James’ study is a follow-up to one in which she found active police officers, military personnel and the general public took longer to shoot black suspects than white or Hispanic suspects. Participants were also more likely to shoot unarmed white suspects than black or Hispanic ones and more likely to fail to fire at armed black suspects.
“In other words,” wrote James and her co-authors, “there was significant bias favoring blacks where decisions to shoot were concerned.”
When confronted by an armed white person, participants took an average of 1.37 seconds to fire back. Confronted by an armed black person, they took 1.61 seconds to fire and were less likely to fire in error. The 240-millisecond difference may seem small, but it’s enough to be fatal in a shooting.
The recent study analyzed data from electroencephalograph sensors that measured participants’ alpha brain waves, which are suppressed in situations that appear threatening.
The participants, 85 percent of whom were white, “demonstrated significantly greater threat responses against black suspects than white or Hispanic suspects,” wrote James and her co-authors, University of Missouri-St. Louis criminologist David Klinger and WSU Spokane’s Bryan Vila. This, they said, suggests the participants “held subconscious biases associating blacks and threats,” which is consistent with previous psychological research on racial stereotypes.
However, the current study only measured the alpha waves of participants drawn from the general public, not law enforcement or the military. Consequently, wrote the authors, “results from this sample are not generalizable to sworn officers.”

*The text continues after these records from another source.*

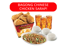 Composed of 6pcs Chinese-style Fried Chicken, 3 cups of rice, 3 regular drinks, and 1 serving of Pancit. Good for 4pax
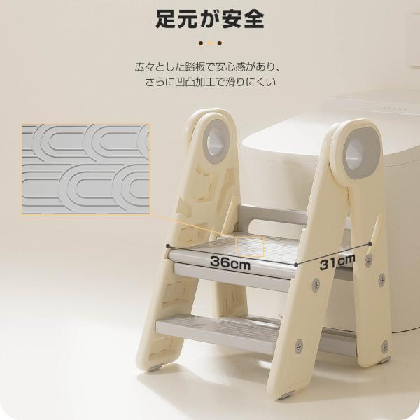 ・安全な足元:広々とした踏板は安心感があり、凹凸加工が施されているため滑りにくく、安全に使用できます。
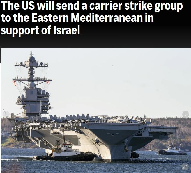 據(jù)美聯(lián)社報道,當天,美國國防部長奧斯汀發(fā)表聲明稱,他下令“杰拉爾德·R·福特”號航空母艦戰(zhàn)斗群移至更靠近以色列的東地中海,包括一艘航空母艦、一艘導彈巡洋艦和四艘導彈驅逐艦,以展示武力,準備應對任何情況,這些情況包括阻止更多武器送達巴勒斯坦伊斯蘭抵抗運動(哈馬斯)以及進行監(jiān)視。
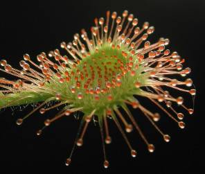 毛毡苔(Drosera rotundifolia)外观柔弱,叶上佈满腺毛,腺毛上有黏液,可以捕食昆虫。荷兰瓦赫宁恩大学和莱顿大学联手开发了一款创新捕虫剂。他们以植物食用油为基底,让它氧化,变成浓稠的黏性液体后,再喷洒到叶片上,模仿毛毡苔这类食虫植物的黏虫液滴,抓住小害虫。放大看圆叶毛毡苔,上面有许多黏性小液珠,可捕食昆虫。图片来源:Petr Dlouhý(CC BY-SA 3.0)借镜食虫植物,除
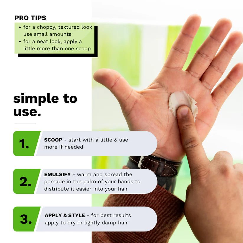 A low & natural shine clay that provides volume and texture, the Clay Pomade creates a natural look while offering strong, effortless pliable control. Blending clays, waxes, and oils, this styling clay works in harmony with your hair to help maintain a healthy appearance for both your hair and scalp. Recommended for a wide range of styles from short and messy to loose and neat with flow and control.
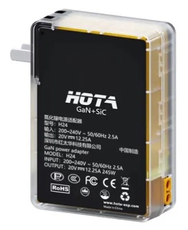 Hota her med en kraftig strømforsyning lavet med GaN og SiC. Perfekt som strømforsyning til pcer, droneopladere, loddekolber mm. H24 anbefales til brug med Hota P24, som giver dig USB-A og USB-C stik. H24 sættes nemt i væggen med det medfølgende vægstik. Strømmen udsendes via et integreret XT60-stik.
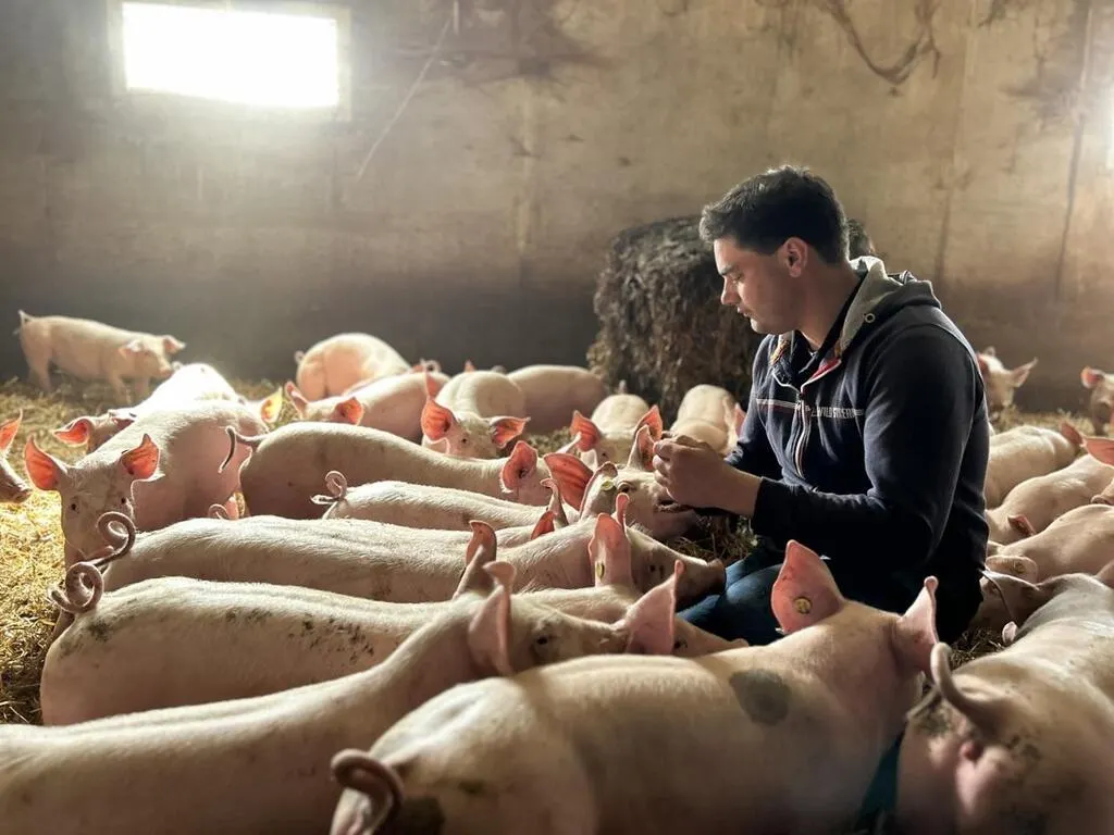 Romain Viot, entouré de ses cochons, à la ferme de la Drouerie de Trangé, près du Mans (Sarthe). © Ouest-France
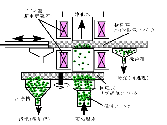 磁性体の金網等を積層した磁気フィルタを電磁石の両端磁場内に配置し、前処理した汚濁湖沼水を通水する。磁気フィルタの細線の周囲には磁束線が集まって非常に大きな磁気勾配が生じるので、磁性フロックを強力な磁気力で吸引・捕捉できる。捕捉後磁気フィルタを磁場外に移動すれば磁気力は消滅し、捕捉した磁性フロックを磁気フィルタから簡単に洗浄除去できる。試作された装置は、磁性フロックを生成する前処理部、磁性フロックの捕捉分離と洗浄除去を行う連続磁気分離部、および脱水、磁性粉の回収を行う後処理部から成り、一貫かつ連続的に処理できるシステムで400m3/日の処理能力を有している。

“However,” they added, “there is some evidence from the field to support the proposition that an officer’s threat bias could cause him or her to tend to take more time to make decisions to shoot people whom they subconsciously perceived as more threatening because of race or ethnicity. This behavioral ‘counter-bias’ might be rooted in people’s concerns about the social and legal consequences of shooting a member of a historically oppressed racial or ethnic group.”
James said she has data on subconscious associations between race and threat from law enforcement subjects, and she awaits funding to analyze whether these biases predict decisions to shoot in the simulator. Like study participants from the general public, she said, “they were still more hesitant to shoot black suspects than white suspects. They took longer and they made fewer errors.”
Funding for the study came from the Defense Advanced Research Projects Agency, the National Institute of Justice and the Office of Naval Research.